Tema central: Interpretação de texto e análise semântica do conectivo "mas", uma conjunção adversativa que expressa relação de oposição entre duas ideias.

A questão avalia sua capacidade de identificar o sentido que determinada conjunção imprime a duas partes do texto. No caso, o conectivo “mas”, conforme a norma-padrão, serve para oposicionar ideias ou criar contraste.

De acordo com a Nova Gramática do Português Contemporâneo (Cunha & Cintra), conjunções como “mas”, “porém”, e “contudo” introduzem orações coordenadas adversativas, sendo utilizadas para contrapor ou limitar a ideia anterior.

Análise do trecho:
Antes do “mas”, a autora relata os acontecimentos e impactos: o cometa desaparece, o mundo não acaba, mas talvez fique triste. Após o “mas”, questiona-se a relevância da tristeza das crianças. Ou seja, apesar de tudo, a tristeza infantil é minimizada pelo olhar adulto.

Portanto, o “mas” liga ideias opostas: há tristeza (possível consequência emotiva), porém ela é vista como irrelevante (oposição ao sentimento expresso).

Análise crítica das alternativas:

B) Condição: Para indicar condição, seria empregada uma conjunção como "se". Não é o caso.

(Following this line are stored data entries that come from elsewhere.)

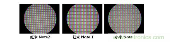 我們?cè)賮砜匆幌嘛@示屏的像素結(jié)構(gòu),從像素的排列來看,這個(gè)屏幕確實(shí)是IPS技術(shù)的,像素比紅米Note1有了大大的提升。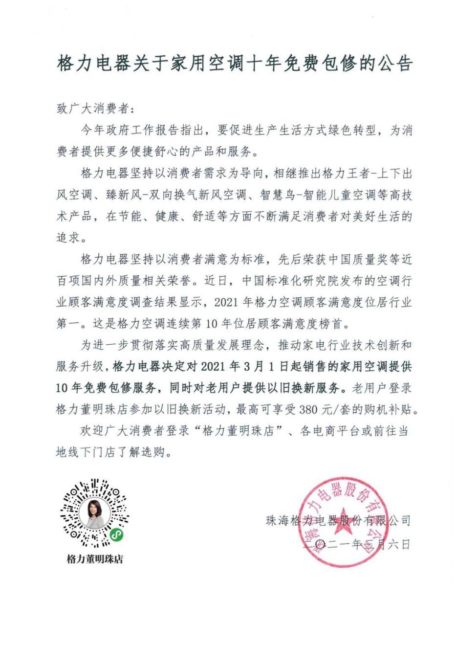 3月6日,格力电器发布公告,宣布对2021年3月1日起销售的家用空调实行“十年包修政策”,从更大程度上保障消费者利益。这是迄今为止中国家用空调行业承诺的最长包修期,也是自2005年格力率先在行业推出"家用空调6年免费包修"政策以来对服务品质的再升级。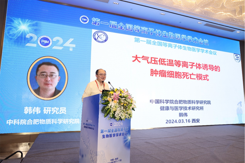 近日,中国科学院合肥物质院健康与医学技术研究所基础医学中心韩伟研究员应邀参加第一届全国等离子体生物医学学术会议(2024年3月15日-18日,西安),并以《大气压低温等离子体诱导的肿瘤细胞死亡模式》为主题作大会主旨报告。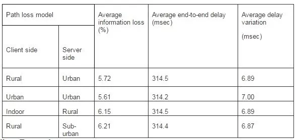 With 12 voice calls within the cell, Figure 6 indicates the percentage of information loss for different path loss models. In an indoor environment, the calls experience less information loss than those in other environments. In a rural environment, voice calls encounter an average loss of 3.2%. Calls in the sub-urban environments experience almost similar losses. Free space and Hata-large-city models exhibit the highest levels of information loss. Average end-to-end delay values also show similar behaviors. The indoor environment experiences the lowest average end-to-end delay in comparison to calls in other environments. End-to-end delay values in all environments, except for pedestrians, are within the target performance ranges recommended by 3GPP and ITU-T.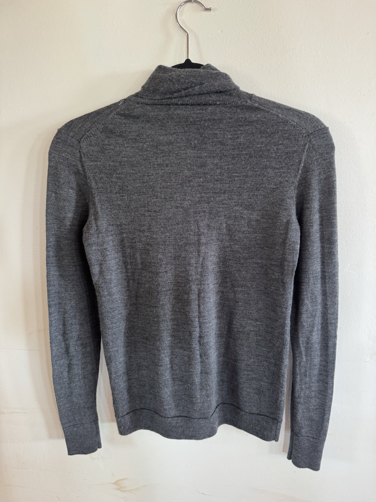 This Banana Republic Women's XS Merino Wool Turtleneck Sweater in gray is a versatile and stylish addition to any wardrobe. The tight-knit fabric and lightweight design make it perfect for all seasons, while the moisture-wicking properties ensure you stay comfortable even in colder weather. The pullover style, long sleeves, and turtleneck neckline provide a classic and cozy look, suitable for casual outings, workwear, or business meetings. Made from high-quality wool, this sweater is machine washable and offers a stretchy fit for added convenience. Shoulder to hem:23” Sleeve length:25” Chest across:17” Hips across:16” B-B

C) Conclusão: Conectivos de conclusão seriam "portanto", "logo", "assim". "Mas" não conclui, apenas contrapõe.

D) Acrescentamento: Acrescentar algo envolve "e", "além disso". Não há mera soma, mas contraste.

Dica de prova: Sempre que encontrar conectivos, lembre-se de identificar o valor lógico principal: conjunções adversativas como “mas” quase sempre indicam oposição ou restrição à ideia anterior, como exemplificam os principais manuais de redação e gramáticas.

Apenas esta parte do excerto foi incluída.